The results aren't great. In one direction, I see an average of 1245 Transcripts (about 680 genes, so there's some overlap amongst the transcript set) with a std dev. of 38 Transcripts. That sounds pretty consistent, till you look for the overlap in actual transcripts: avg 27.3 with a std dev of 17.4. (range 0-60). And, when with do the calculations, the most closely matched data sets only have a 5% overlap.

The results for the opposite direction were similar: Average of 277 transcripts found that met the criteria (std.dev of 33.61), with an average overlap between data sets being 4.8, std. dev 4.48. (range of 0-11 transcripts in common.) The best overlap in "upregulated" genes for this dataset was just over 4% concordance with a second pair of lanes.

So, what this tells me (for a VERY dirty experiment) is that expression of genes in one lane is highly variable depending on the lane for genes expressed at the low end. (Sampling at the high end usually pretty good, so I'm not too concerned about that.)
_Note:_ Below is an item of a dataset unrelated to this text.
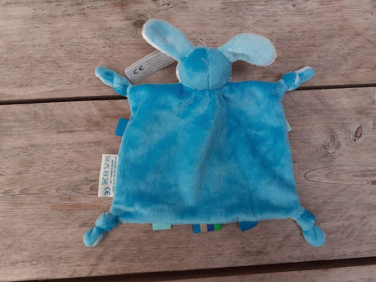 Een knuffeldoek hondje waar ook nog de zeer geliefde labeltjes aanzitten.

What I haven't answered yet is how many lanes is enough. Alas, I have to go do some volunteering, so that experiment will have to wait for another day. And, of course, the images I created along the way will have to follow later as well.

ChIP-Seq normalization.

I've spent a lot of time working on ChIP-Seq controls recently, and wanted to raise an interesting point that I haven't seen addressed much: How to normalize well. (I don't claim to have read ALL of the chip-seq literature, and someone may have already beaten me to the punch... but I'm not aware of anything published on this yet.)

The question of normalization occurs as soon as you raise the issue of controls or comparing any two samples. You have to take it in to account when doing any type of comparision, really, so it's somewhat important as the backbone to any good second-gen work.
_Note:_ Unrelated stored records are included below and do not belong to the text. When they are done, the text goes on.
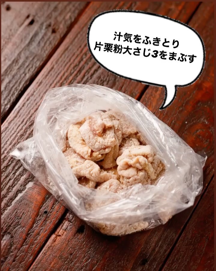 ❷ポリ袋に1・【A】を入れてよく揉み込み、10分ほどおく。ペーパータオルで余分な汁気を拭き取り、片栗粉をまぶす(新しいポリ袋またはバットに取り出してまぶして♪)。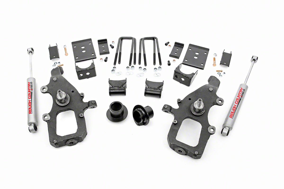 High Performance and Dynamic Stance. Rough Country offers the Lowering Kit with Premium N3 Shocks to give your F-150 a striking appeal with reinforced dynamics. This spindle lowering system provides 3-inch front and 5-inch rear drops for an enhanced balance of sportiness and comfort. It comes with premium-quality components that deliver optimum performance for a bolder on and off-road experience.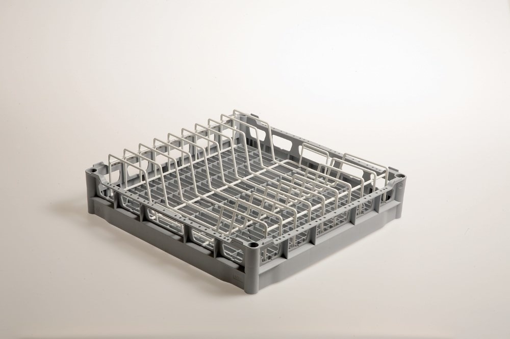 Kosz do zmywarki na talerze 9 przegród / 500 x 500 x 130 mm, szary

The most common thing I've heard to date is to simply normalize by the number of tags in each data set. As far as I'm concerned, that really will only work when your data sets come from the same library, or two highly correlated samples - when nearly all of your tags come from the same locations.

However, this method fails as soon as you move into doing a null control.

Imagine you have two samples, one is your null control, with the "background" sequences in it. When you seqeunce, you get ~6M tags, all of which represent noise. The other is ChIP-Seq, so some background plus an enriched signal. When you sequence, hopefully you sequence 90% of your signal, and 10% of the background to get ~8M tags - of which ~.8M are noise. When you do a compare, the number of tags isn't quite doing justice to the relationship between the two samples.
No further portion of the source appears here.